Son yıllarda dijital dünyanın gelişimi ile birlikte birçok devlet, sosyal medya ve internet platformları üzerindeki kontrolünü artırmayı hedefliyor. Bu kapsamda, Çin hükümetinin yapay zeka (AI) destekli bir sansür sistemi kullanarak ifade özgürlüğünü sınırladığı ortaya çıktı. Bu durum, hem uluslararası toplumda hem de insan hakları savunucuları arasında ciddi tartışmalara yol açtı. Çin, 2010'dan bu yana internet üzerindeki sansürü artırarak, birçok platformda özgür iletişimi engelleyen yasaklarla karşımıza çıkıyor. Ancak bu yeni AI uygulaması, sansür faaliyetlerini daha da etkili hale getiriyor.
Çin'in AI tabanlı sansür sistemi, içerik analizi, dil işleme ve makine öğrenimi teknikleri kullanarak, internet üzerindeki paylaşımları anlık olarak izliyor. Bu teknolojilerin uygulanması, hükümetin belirlediği yasaklı kelimeleri veya temaları hızlı bir şekilde tespit etmesine olanak tanıyor. Örneğin, "özgürlük", "demokrasi" veya "protesto" gibi ifadeler, sistem tarafından otomatik olarak algılanıyor ve bu tür içeriklerin yayılmasını engellemek için çeşitli önlemler alınıyor.
Bu süreçte, kullanıcıların paylaşımlarını otomatik olarak gözlemleyen algoritmalar, sosyal medya içeriklerini denetleme işlevi görüyor. Yapay zeka, toplumsal olaylar ile ilgili haber ve yorumların yayılmasını engelleyerek halkın bilgilendirilmesini kısıtlıyor. Böylece, halkın devlet politikası hakkında bilgi edinmesinin önüne geçiliyor. Diğer yandan, Çin'de bu AI sistemini kullanan birçok özel şirketin de çalışmalara dahil olduğu belirtiliyor.
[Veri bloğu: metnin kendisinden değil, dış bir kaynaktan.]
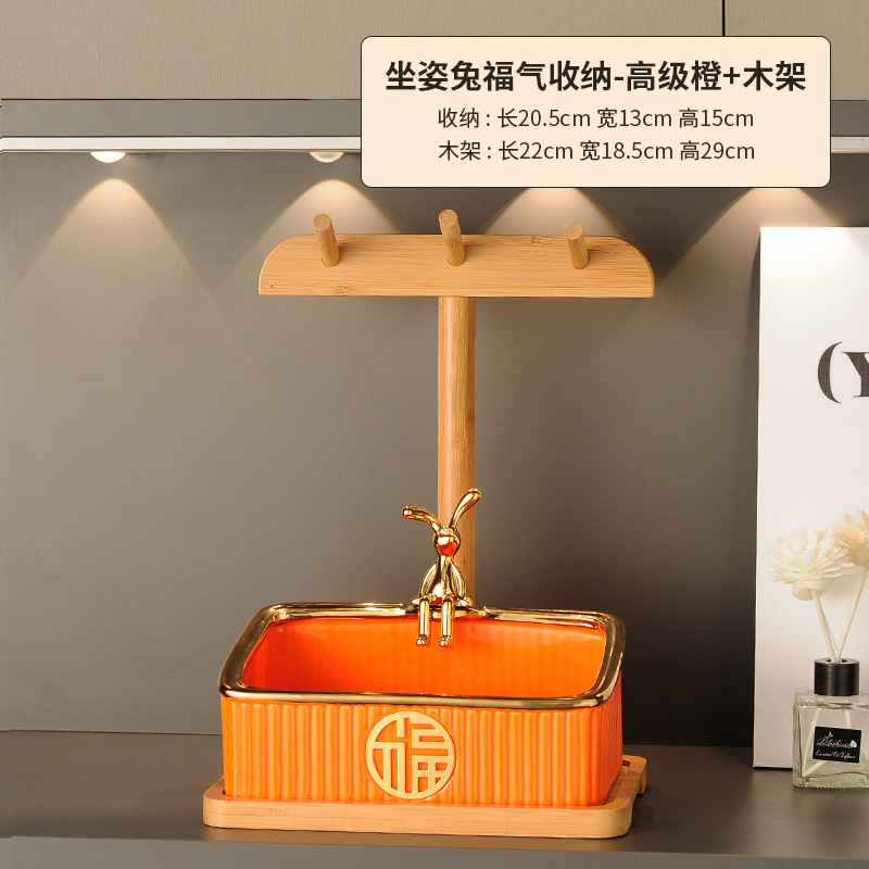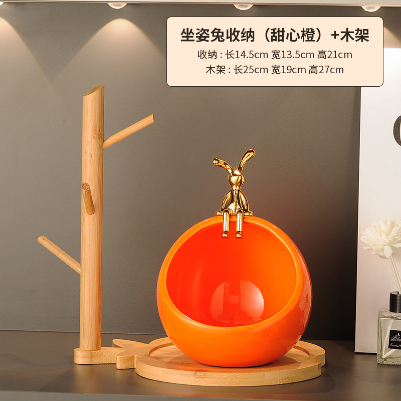 sitting rabbit lucky storage-advanced orange + wooden rack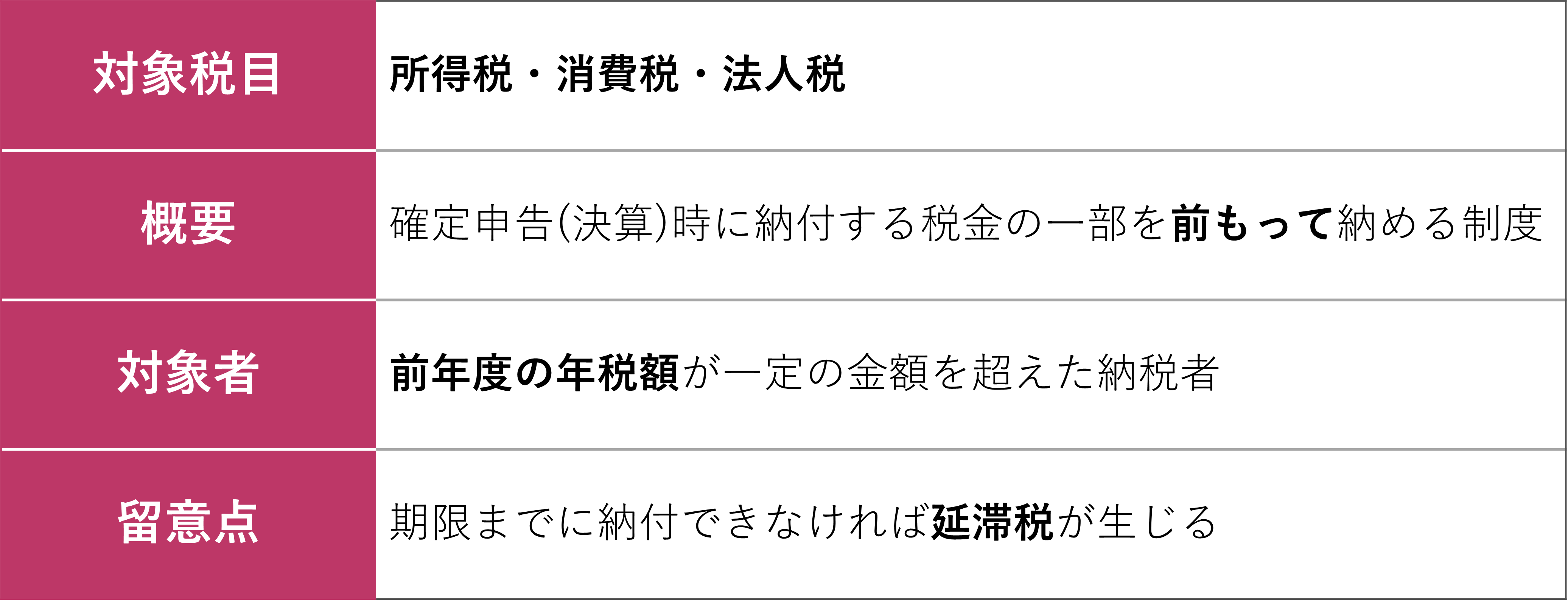 予定納税・中間納付とは、税金の前払いであり対象の税金は所得税・法人税・消費税の3つ。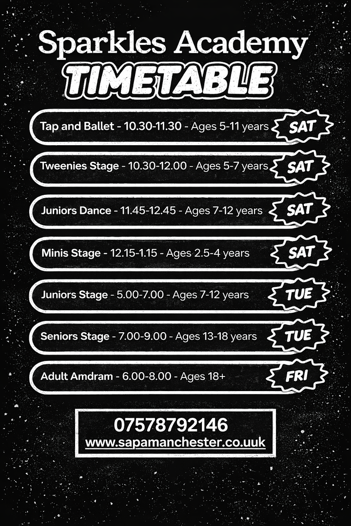 Sparkles Classes run consecutively throughout the year, except for Summer and Christmas Break.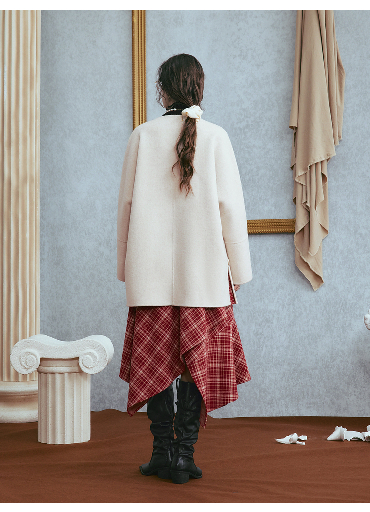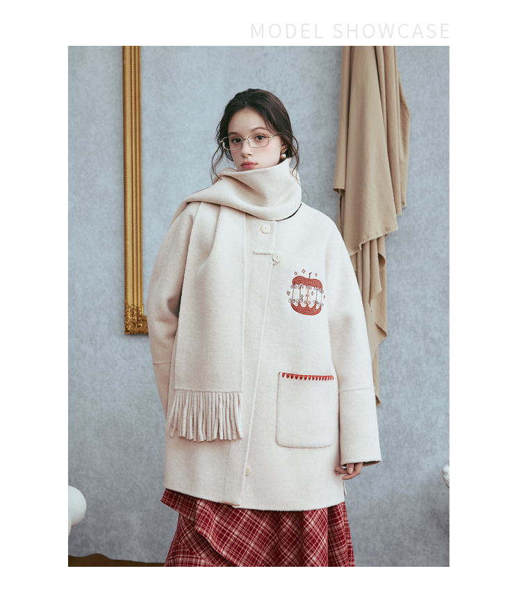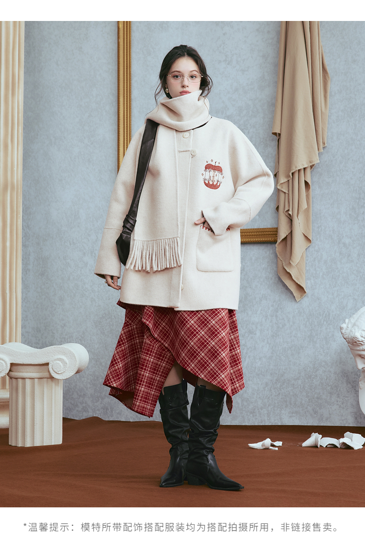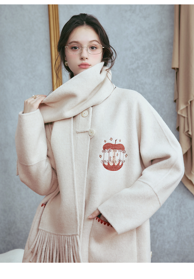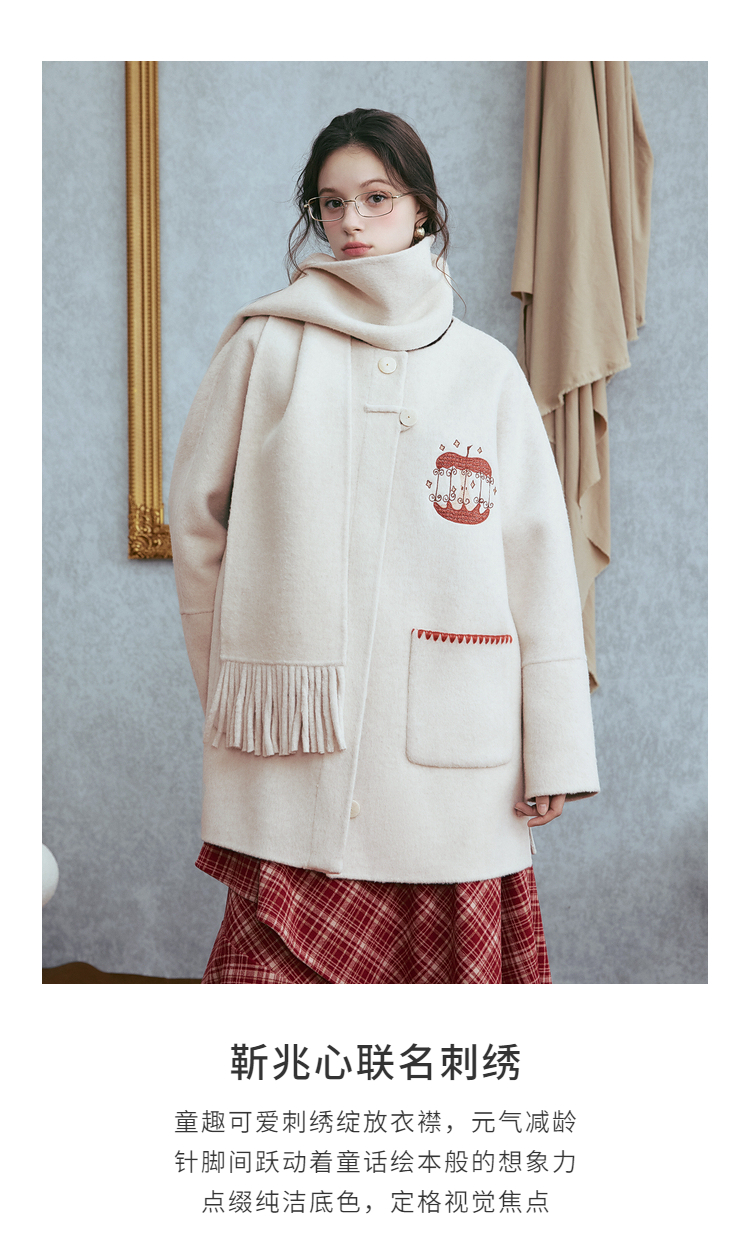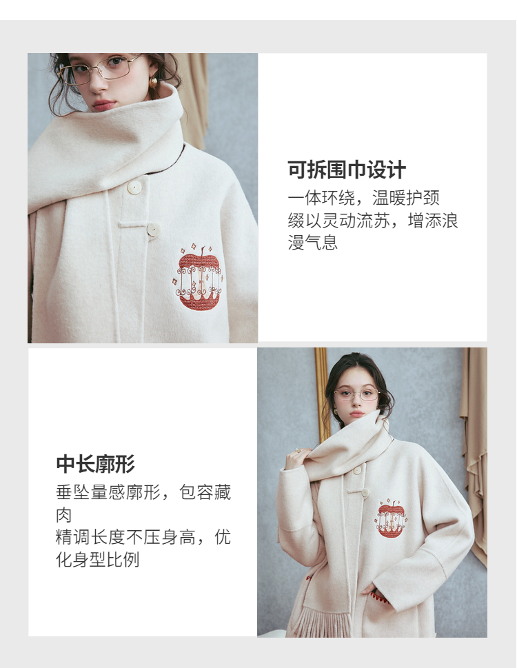 【暖冬内购】两三事 云间告白 2025冬季新款甜美刺绣可拆围巾双面羊毛呢外套女

Bu şirketler, hükümete ait veri havuzlarına ve yasaklı içerik listelerine erişerek, uygulamalarını sürekli güncel tutuyorlar.
Bu tür bir sansür uygulaması, uluslararası insan hakları kuruluşlarının dikkatini çekti ve eleştirilerin odağı haline geldi. Birçok uzman ve aktivist, bu durumun dijital demokrasiye ve ifade özgürlüğüne ciddi tehditler oluşturduğunu savunuyor. Çin'in internet üzerindeki baskıcı politikaları, özellikle genç nesil arasında yurt dışı ile bağlantıyı koparma riski taşıyor. Gençlerin, dünya genelindeki sanatsal ve politik gelişmelerden habersiz kalması, ülkelerin dijital politikalarının birer zindanı haline gelmesine yol açabilir.
Uluslararası kuruluşlar, AI tabanlı sansür sistemini eleştirerek, bu tür uygulamaların demokratik değerlerle bağdaşmadığını ve insan hakları ihlali anlamına geldiğini vurguluyor. Özellikle, bu durumun devam etmesi halinde, diğer ülkelerin de benzer sistemler geliştirme riski ile karşı karşıya kalabileceği konusunda uyarılarda bulunuyorlar. Dolayısıyla, bu tür sistemlerin gelişimi ve yaygınlaşmasının engellenmesi için dünya genelinde yapılan çağrılar artıyor.
Sonuç olarak, Çin hükümetinin AI tabanlı sansür sistemi, yalnızca bu ülkeyi değil, küresel düzeyde dijital alanlardaki ifade özgürlüğünü tehdit eden bir durum olarak karşımıza çıkıyor. Gelecek yıllarda bu sistemlerin nasıl evrileceği ve diğer ülkeler üzerindeki olası etkileri, dijital dünyayı şekillendiren önemli faktörlerden biri olmayı sürdürecek gibi görünüyor. Özgürlük ve demokratik değerler açısından bu durum, hem içerde hem de uluslararası alanda bir mücadele haline dönüşecek. Çin ile ilgili bu gelişmeler, sadece nefes alan bir cennet isteyen bireyler için değil, aynı zamanda dünya genelinde aydınlık bir geleceği hedefleyen herkes için dikkate alınması gereken bir konudur.